- _Recorded information_:
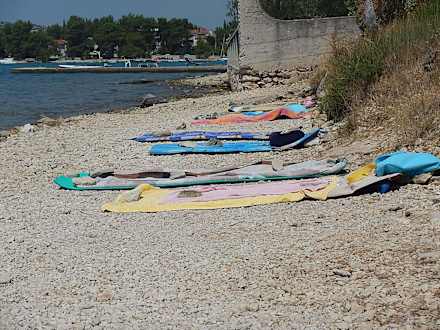 Etwa 30 Meter FKK Strand 50 meter vom Hotel entfernt. Natürlich wurde das von uns genutzt. Lieber hier liegen als in 8 er Reihe am Hauptstrand wo die Leute fast gestapelt lagen und quäckende Kleinkinder bei 39 Grad ohne Schatten
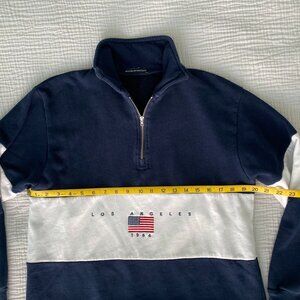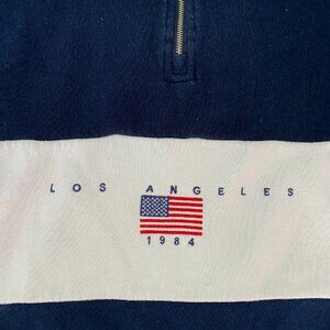 Brandy Melville Los Angeles 1984 Quarter Zip Sweatshirt. Bottom band was cut off to create a raw edge bottom. Gently worn, excellent condition.
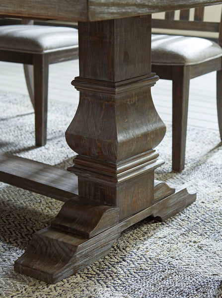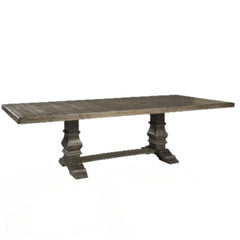 Inspiré par les meubles d'antan, massif est convivial. Le style de cette table de salle à manger avec rallonge, transpose brillamment le passé dans le présent. Séduisante avec sa finition de couleur pin vieilli et la texture légèrement brossée, elle donnera à votre coin-repas un style riche. Grâce à sa rallonge et sa base double ceux qui apprécient les meubles de grande prestance seront ravis.
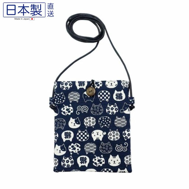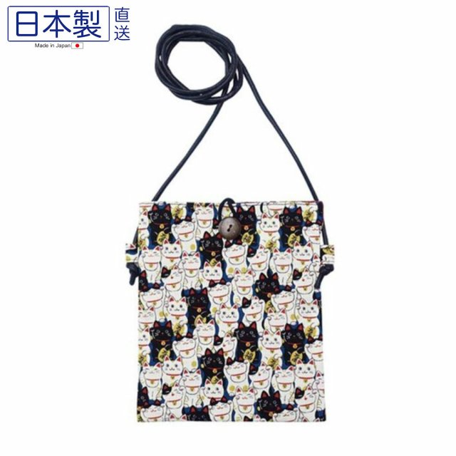 日式可愛貓貓斜肩袋 (招財貓) (藍色) (日本製)

- _Problem details_: Exclude all pictures and reproduce verbatim the lines running from the line that contains "Brandy Melville Los" to the end of the data above, both ends included.

- _Task answer_:
 Brandy Melville Los Angeles 1984 Quarter Zip Sweatshirt. Bottom band was cut off to create a raw edge bottom. Gently worn, excellent condition.
 Inspiré par les meubles d'antan, massif est convivial. Le style de cette table de salle à manger avec rallonge, transpose brillamment le passé dans le présent. Séduisante avec sa finition de couleur pin vieilli et la texture légèrement brossée, elle donnera à votre coin-repas un style riche. Grâce à sa rallonge et sa base double ceux qui apprécient les meubles de grande prestance seront ravis.
 日式可愛貓貓斜肩袋 (招財貓) (藍色) (日本製)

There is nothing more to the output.